■ **TO DO**
Copy word for word the lines of the records below, beginning at the one with "SWIPENet可能会丢失或" and finishing at the one with "Большой букет из", ends included, but none of the pictures.

Extracted data entries
>>>

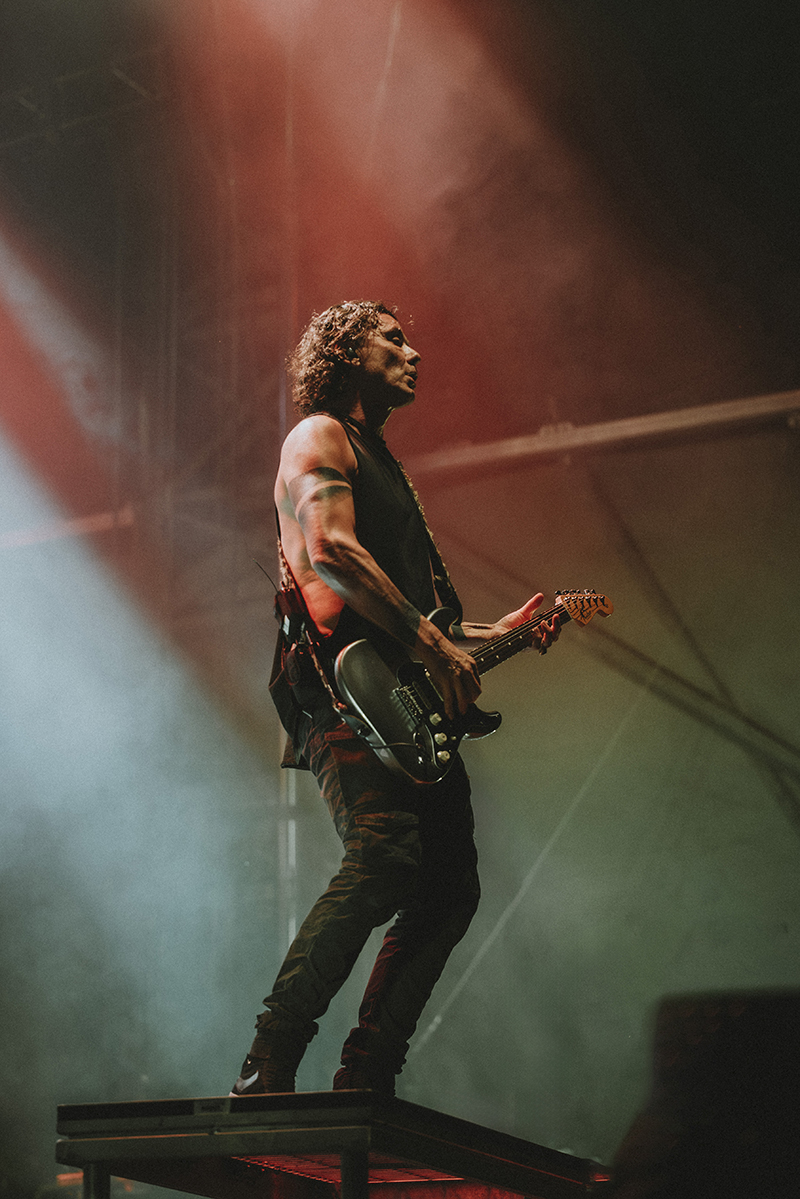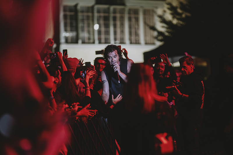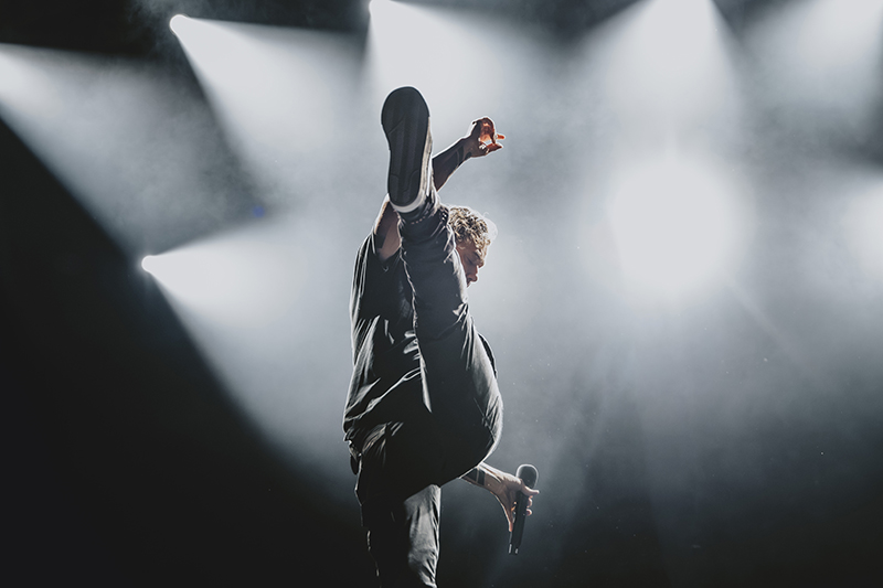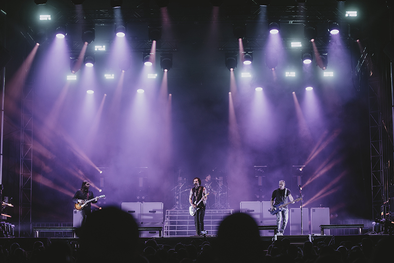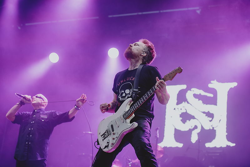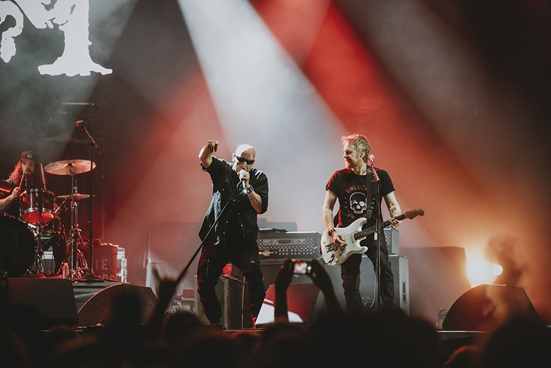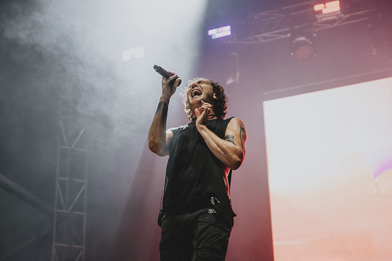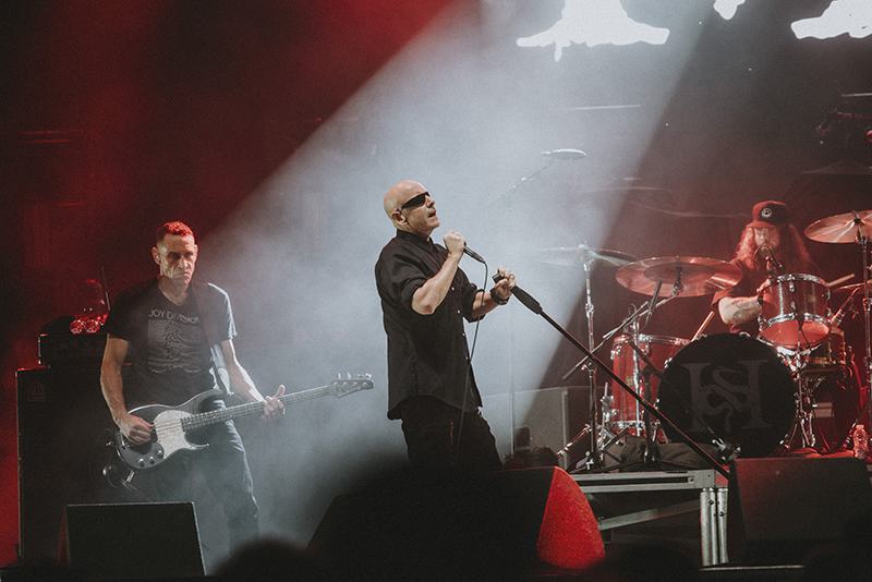 Headstones, a punk-inspired rock band from Kingston, followed and kept the heavy music going as singer Hugh Dillon almost immediately took off from the stage and ran into the crowd. It looked like he was on a leash as a crew member fed the cable and tried to keep it from getting tangled or pulled too hard. He sang with fans, took phones and videoed himself and the crowd, and got up in everyone’s faces—you could tell he loves what he does. It was definitely a rock show as people jumped around and crowd surfed, with Super Kyle Humphrey making an appearance as he surfed from the front row.
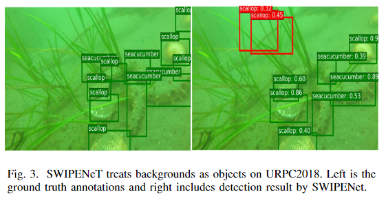 SWIPENet可能会丢失或错误地检测到训练集中的某些对象,这些目标对象可能被视为噪声数据。这是因为含有噪声的数据非常模糊,并且与背景相似,因此容易被忽略或检测为背景。如果我们使用这些嘈杂的数据训练SWIPENet,则性能可能会受到影响, SWIPENet无法将背景与物体区分开来。图3显示了示例测试图像及其通过SWIPENet的不正确检测。
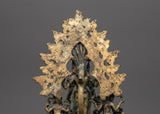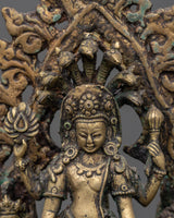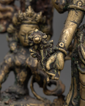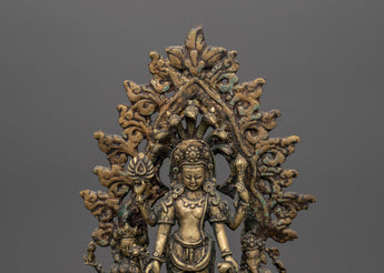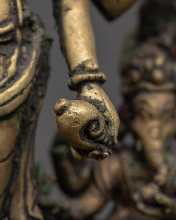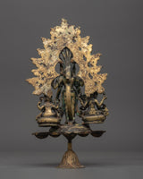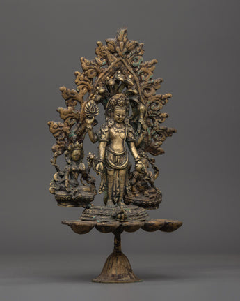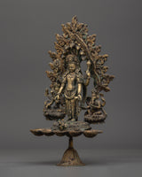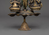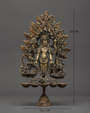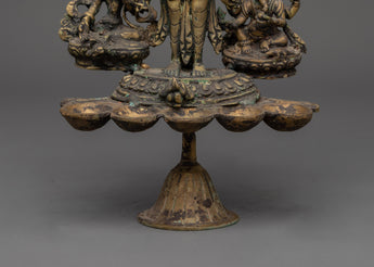 The Brass Oil Lamp features a traditional design with three oil cups that represent the spiritual illumination of the mind. The central figure of Avalokiteshvara, the Bodhisattva of compassion, stands in the center, surrounded by Vasudhara, the goddess of wealth and abundance, and Ganesh, the remover of obstacles. These deities symbolize compassion, prosperity, and spiritual protection, thereby enhancing the lamp’s spiritual significance. The intricate brass work and antique finish add a timeless quality, symbolizing the eternal light of wisdom and the divine energy that guides practitioners on their spiritual journey.
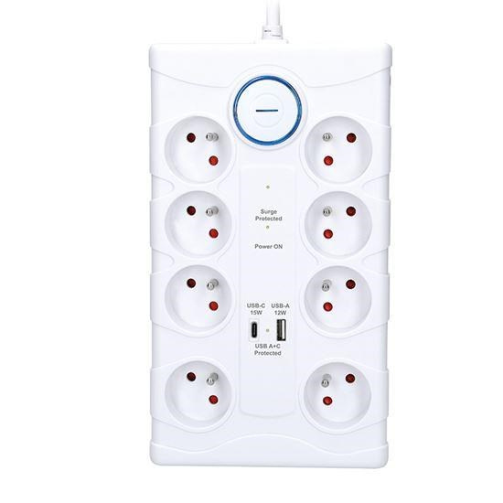 Prepäťová ochrana s USB nabíjačkou a 8 zásuvkami
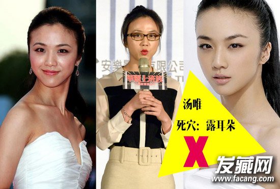 汤姑凉长了一张少见的六边形脸,比一般人要宽 因此耳侧的修饰就非常重要,如果把耳朵两侧的头发全部梳起来没了遮挡就是自寻死路。
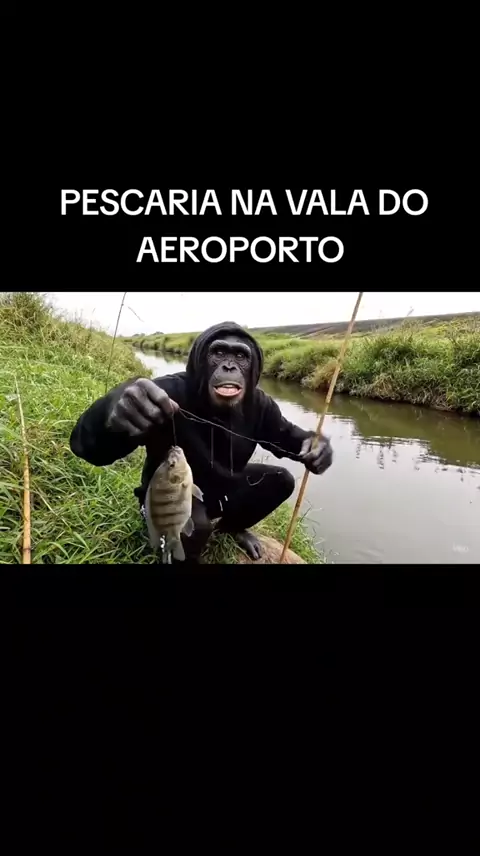 PESCARIA NA VALETA DO AEROPORTO. #ubatuba #inteligenciaartificial #cunhambebe #meme #chimpanzé
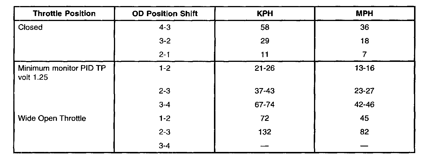 3. Apply minimum throttle and observe speeds at which upshift occurs and torque converter engages. Refer to Shift Speeds Chart in this Section (also refer to Automatic Transaxle specifications issue).
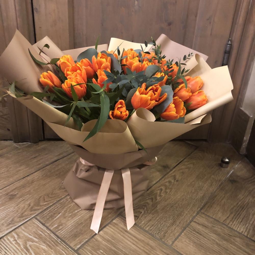 Большой букет из тюльпанов "Закат"
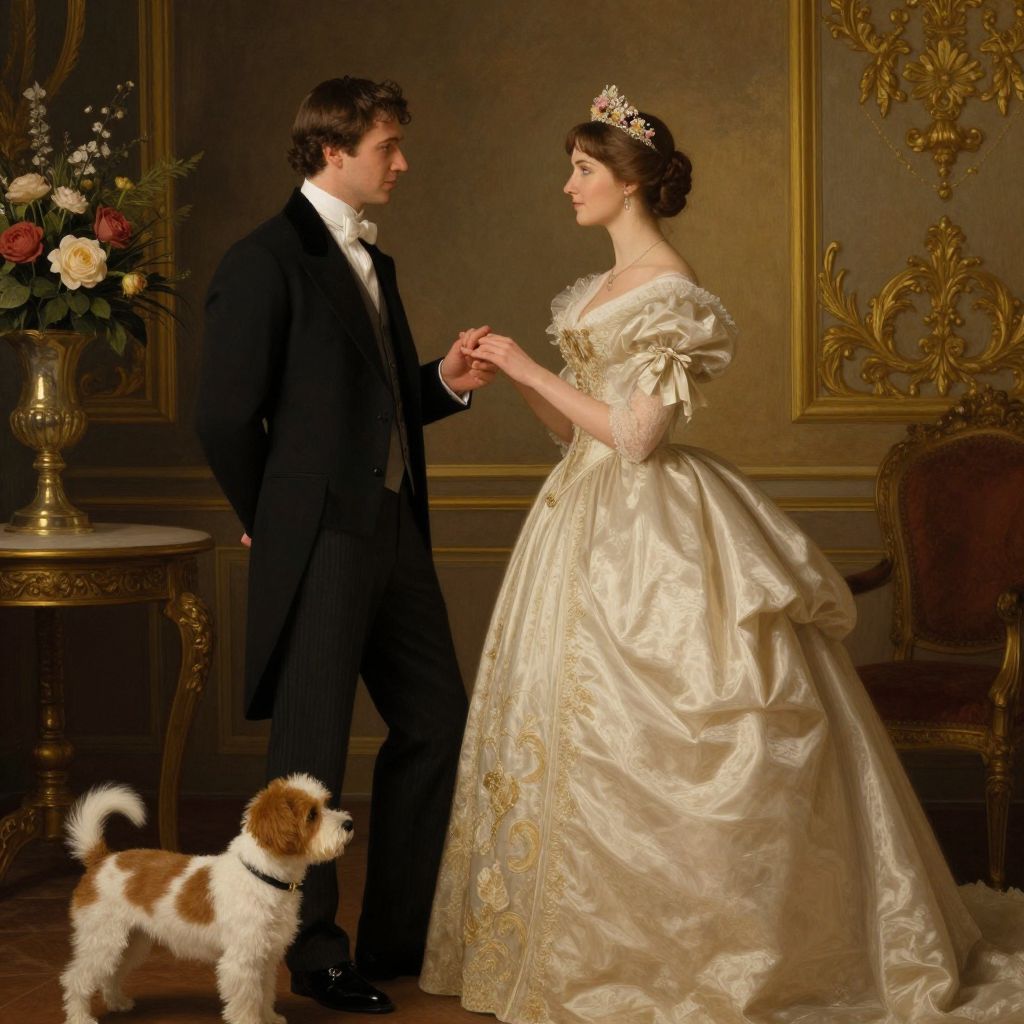 A finely detailed digital artwork reminiscent of classical portraiture, featuring a man in a formal black suit and a woman in an elegant cream gown adorned with a floral tiara, sharing a tender moment as they hold hands amidst a richly decorated interior with golden lighting and a charming dog in the foreground.

<<<

■ **ANSWER SPACE**
 SWIPENet可能会丢失或错误地检测到训练集中的某些对象,这些目标对象可能被视为噪声数据。这是因为含有噪声的数据非常模糊,并且与背景相似,因此容易被忽略或检测为背景。如果我们使用这些嘈杂的数据训练SWIPENet,则性能可能会受到影响, SWIPENet无法将背景与物体区分开来。图3显示了示例测试图像及其通过SWIPENet的不正确检测。
 The Brass Oil Lamp features a traditional design with three oil cups that represent the spiritual illumination of the mind. The central figure of Avalokiteshvara, the Bodhisattva of compassion, stands in the center, surrounded by Vasudhara, the goddess of wealth and abundance, and Ganesh, the remover of obstacles. These deities symbolize compassion, prosperity, and spiritual protection, thereby enhancing the lamp’s spiritual significance. The intricate brass work and antique finish add a timeless quality, symbolizing the eternal light of wisdom and the divine energy that guides practitioners on their spiritual journey.
 Prepäťová ochrana s USB nabíjačkou a 8 zásuvkami
 汤姑凉长了一张少见的六边形脸,比一般人要宽 因此耳侧的修饰就非常重要,如果把耳朵两侧的头发全部梳起来没了遮挡就是自寻死路。
 PESCARIA NA VALETA DO AEROPORTO. #ubatuba #inteligenciaartificial #cunhambebe #meme #chimpanzé
 3. Apply minimum throttle and observe speeds at which upshift occurs and torque converter engages. Refer to Shift Speeds Chart in this Section (also refer to Automatic Transaxle specifications issue).
 Большой букет из тюльпанов "Закат"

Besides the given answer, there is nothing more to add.